Central Nervous System Disorders: Fibromyalgia & Alcohol Abuse
Fibromyalgia is a long-term health condition that leads to chronic, widespread physical pain. Researchers have found that alcohol consumption can help reduce symptoms of the condition and bring significant pain relief. For this reason, people affected by fibromyalgia may be tempted to increase their alcohol intake in order to keep the disorder under control. However, anyone who chooses this route of self-medication can inadvertently develop a diagnosable case of alcohol abuse or alcoholism.
Fibromyalgia is a chronic disorder characterized by widespread pain in joints and muscle tissue. It typically causes widespread tissue tenderness. Other potential symptoms of the disorder include:
- Limb stiffness in the morning
- A decline in mental clarity
- Memory difficulties
- Unusual sensitivity to changes in local temperature
- Unusual sensitivity to light and/or sound, and
- For women, increased menstrual pain
In addition, significant numbers of people with the condition have at least one other condition that also causes chronic pain.
Some people consider fibromyalgia to be a form of arthritis. However, it does not actually meet the definition of an arthritic disease. It also doesn’t meet the criteria to be classified as an auto-immune disease, like chronic fatigue syndrome. Instead, the fibromyalgia is a neurosensory disorder that can be grouped with nerve system disorders that alter the normal function of nerves in at least part of the body.
Roughly five million people in the U.S. have fibromyalgia, and the vast majority of those affected (80% to 90%) are women. Middle age is the most common time of life for the onset of symptoms. No one knows exactly how fibromyalgia develops in the first place. However, over the years, researchers have linked the condition to a range of potential causes, including:
- The physical or emotional impact of surviving life-threatening trauma
- Genetic inheritance
- Repeated exposure to serious physical injuries, and
- Exposure to environmental toxins
One current theory is that fibromyalgia begins when chemical imbalances in your central nervous system (brain and spinal cord) excessively amplify your body’s normal pain response.
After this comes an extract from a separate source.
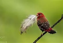 红梅花雀小型鸟类,体长9-10厘米。雄鸟通体朱红色,背、肩、胸等满布白色小斑点,两翅和尾黑褐色均具白色端斑,嘴红色,脚蜡黄色。雌鸟上体淡褐色或赭褐色,翅上中覆羽、大覆羽和内侧飞羽末端具白色斑点,…全部>>
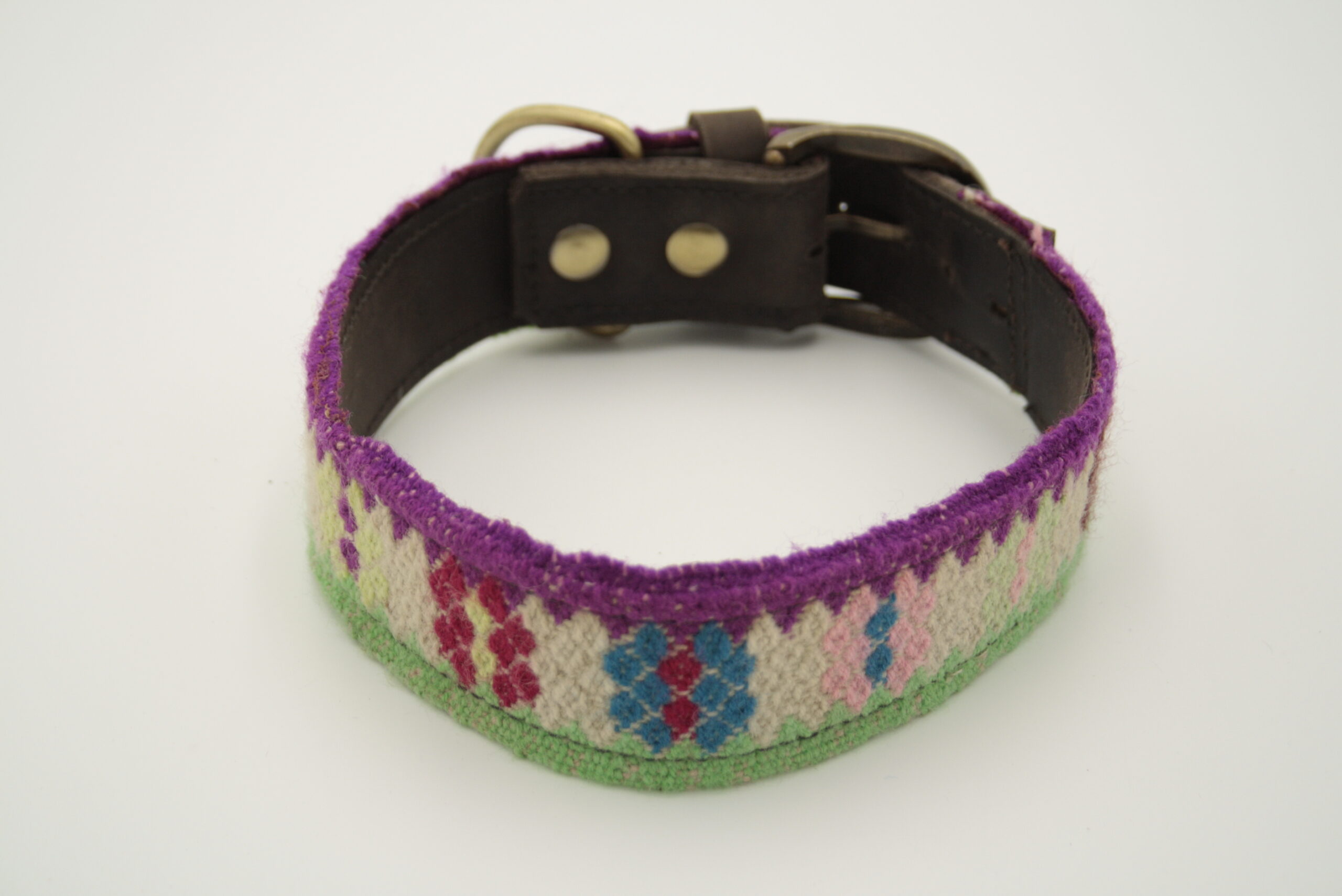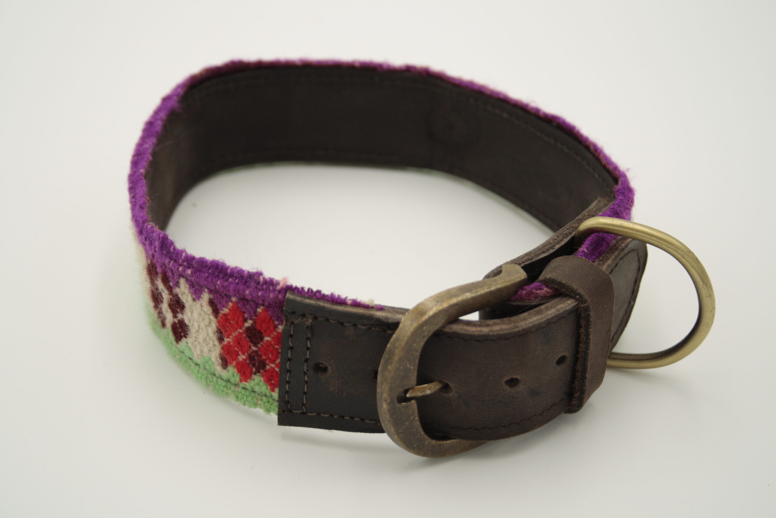 dunkel braunes Leder, handgewebter Wollstoff, multicolor ( hell grün, lila,hell rosa,blau,lila,rot,)

Alcohol and Fibromyalgia Pain
Alcohol is toxic to your body’s nerves. If you drink heavily for a long enough period of time, you can cause damage that leads to the onset of alcohol-related nerve system disorders. However, despite its long-term effects on your nervous system health, alcohol can actually ease pain in the short-term. Researchers don’t know exactly why this is true, but studies indicate that the presence of alcohol may basically “turn down” the chemical signals responsible for triggering pain perception in your brain.
In a study published in 2013 in the journal Arthritis Research & Therapy, a team of American researchers looked at the connection between alcohol consumption, pain levels and overall quality of life in people affected by fibromyalgia. These researchers found that, compared to their counterparts who don’t drink, fibromyalgia suffers who drink in low or moderate amounts typically have less severe symptoms. In addition, they experience a general improvement in their ability to lead functional lives.
Dangers of Alcohol Abuse and Alcoholism
The authors of the study report one crucial finding: While low to moderate alcohol intake may improve the symptoms of fibromyalgia, the same benefits do not appear in people who drink heavily. It’s also essential to note that the study’s authors do not suggest that you start drinking to address fibromyalgia pain. In fact, it is unlikely that any doctor would suggest that you begin consuming alcohol to deal with a nerve system disorder or any other medical condition. That’s because anyone who self-medicates with alcohol runs a very real risk of consciously or unconsciously advancing from safe alcohol intake to excessive drinking. If drinking becomes excessive, a person can end up with a diagnosis of alcohol use disorder, a condition that includes both alcohol abuse and alcoholism.